ACTIVITY
Omitting all images, output the entries that follow exactly as written.

INFORMATION SHOWN

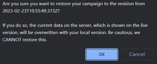 Before restoring you have to accept the alert button telling you that this process can not be reverted. This is also the case we will never be able to revert to your latest version if you do this.
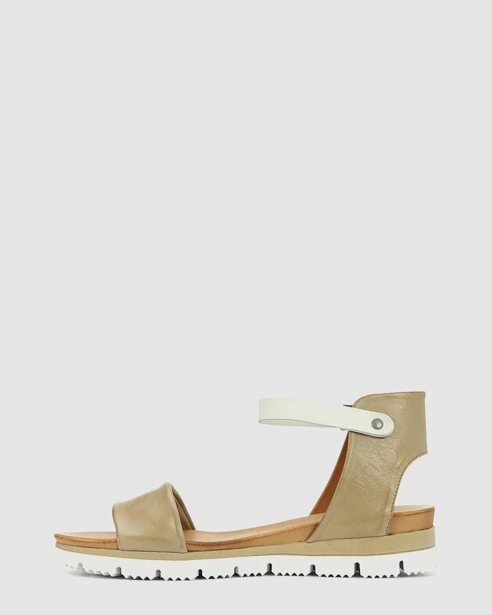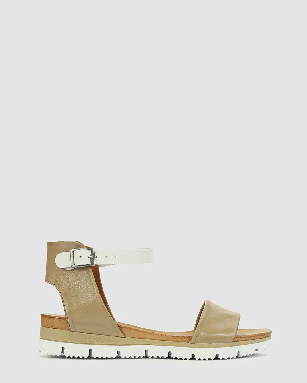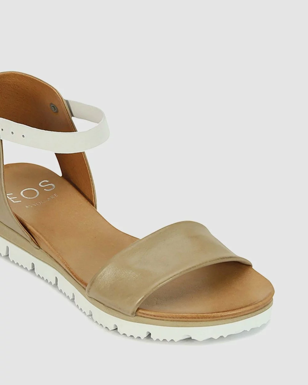 – Made in finest Portuguese leather – Multicolour flexible outsole styling – Accent fastenings on ankle strap – Comfortable sandals – Taupe sandals – White Flatform
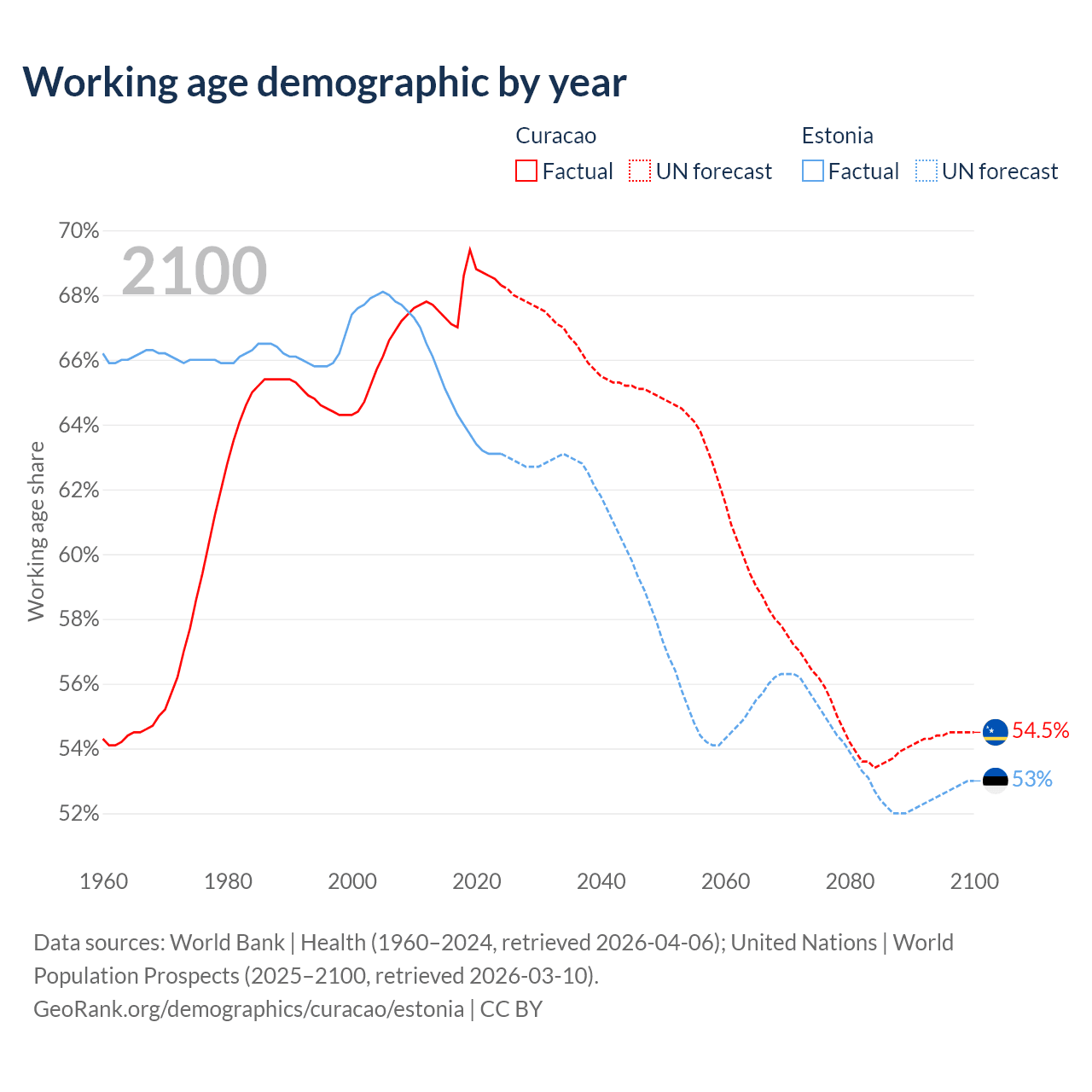 - Curacao has 107K working age adults (aged 15-64) vs 845K in Estonia.
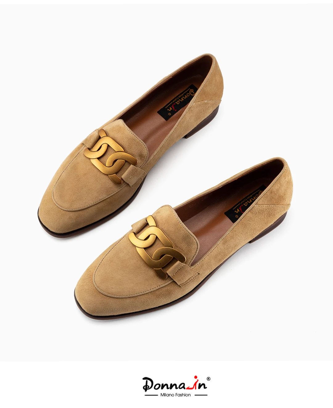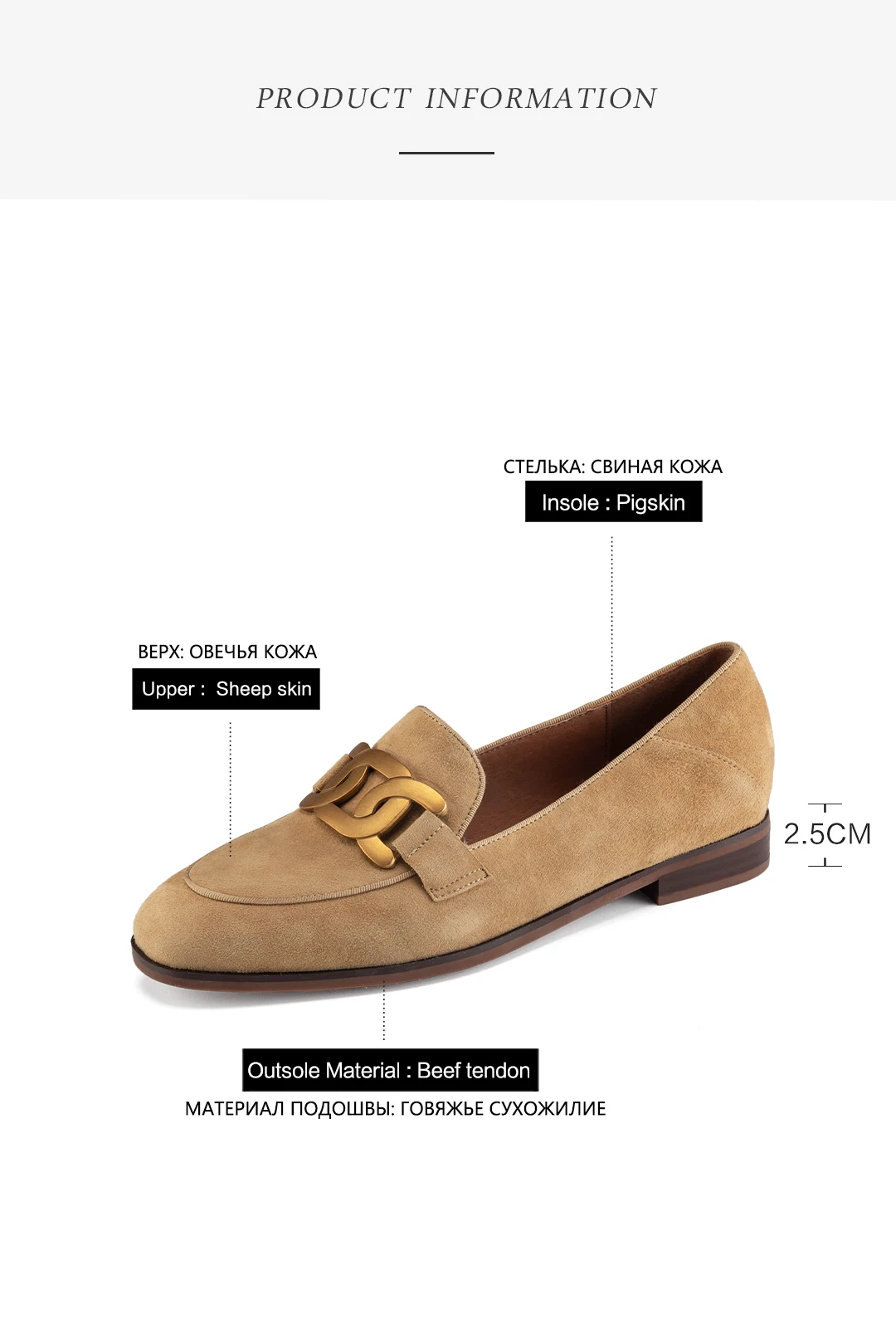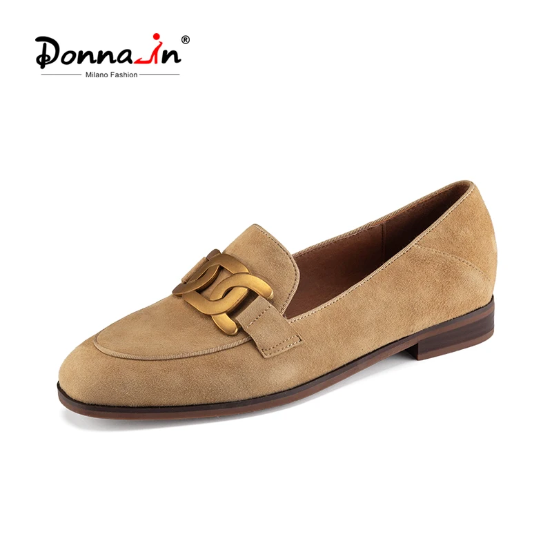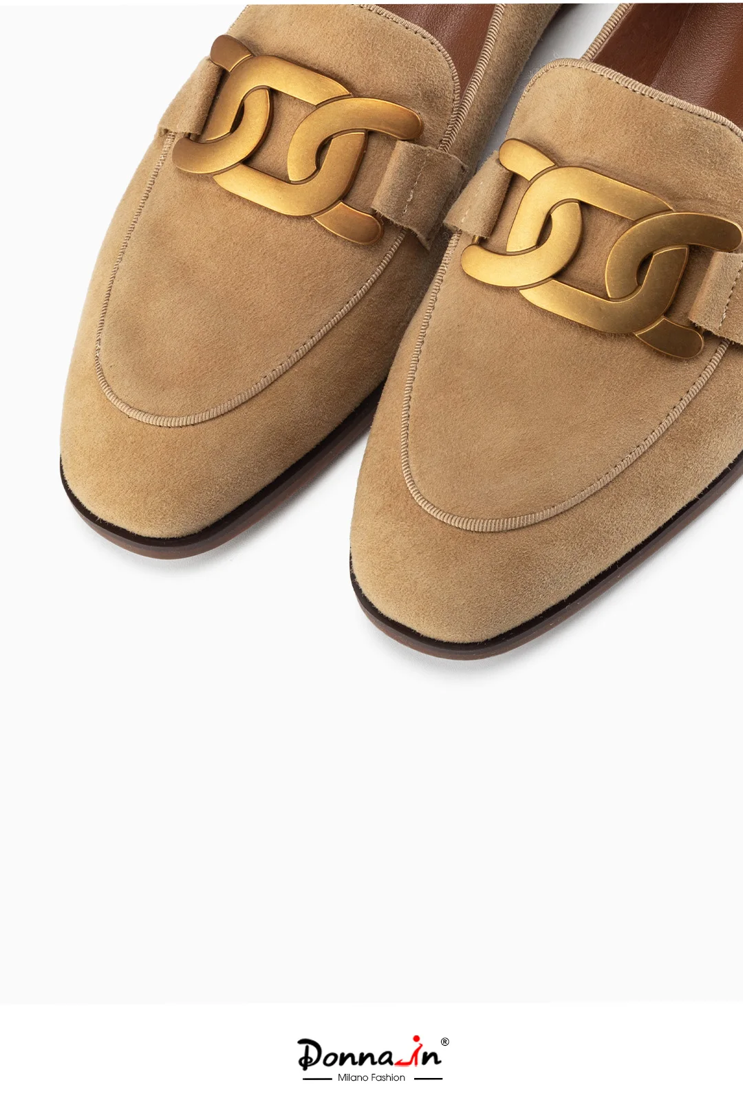 Donna-in2021 весенняя женская обувь из овечьей кожи; Лоферы на низком каблуке; Замшевые туфли-лодочки с металлической цепочкой; Женская обувь из натуральной кожи с квадратным носком
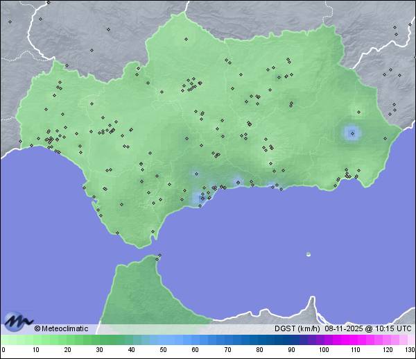| Huércal de Almería | 123 | 14,4 | 16,0 | 12,7 | 62 | 73 | 58 | 1.014 | 1.015 | 1.013 | 7 N | 13 | - | 0,5 | |

RESPONSE TO THIS EXERCISE
 Before restoring you have to accept the alert button telling you that this process can not be reverted. This is also the case we will never be able to revert to your latest version if you do this.
 – Made in finest Portuguese leather – Multicolour flexible outsole styling – Accent fastenings on ankle strap – Comfortable sandals – Taupe sandals – White Flatform
 - Curacao has 107K working age adults (aged 15-64) vs 845K in Estonia.
 Donna-in2021 весенняя женская обувь из овечьей кожи; Лоферы на низком каблуке; Замшевые туфли-лодочки с металлической цепочкой; Женская обувь из натуральной кожи с квадратным носком
| Huércal de Almería | 123 | 14,4 | 16,0 | 12,7 | 62 | 73 | 58 | 1.014 | 1.015 | 1.013 | 7 N | 13 | - | 0,5 | |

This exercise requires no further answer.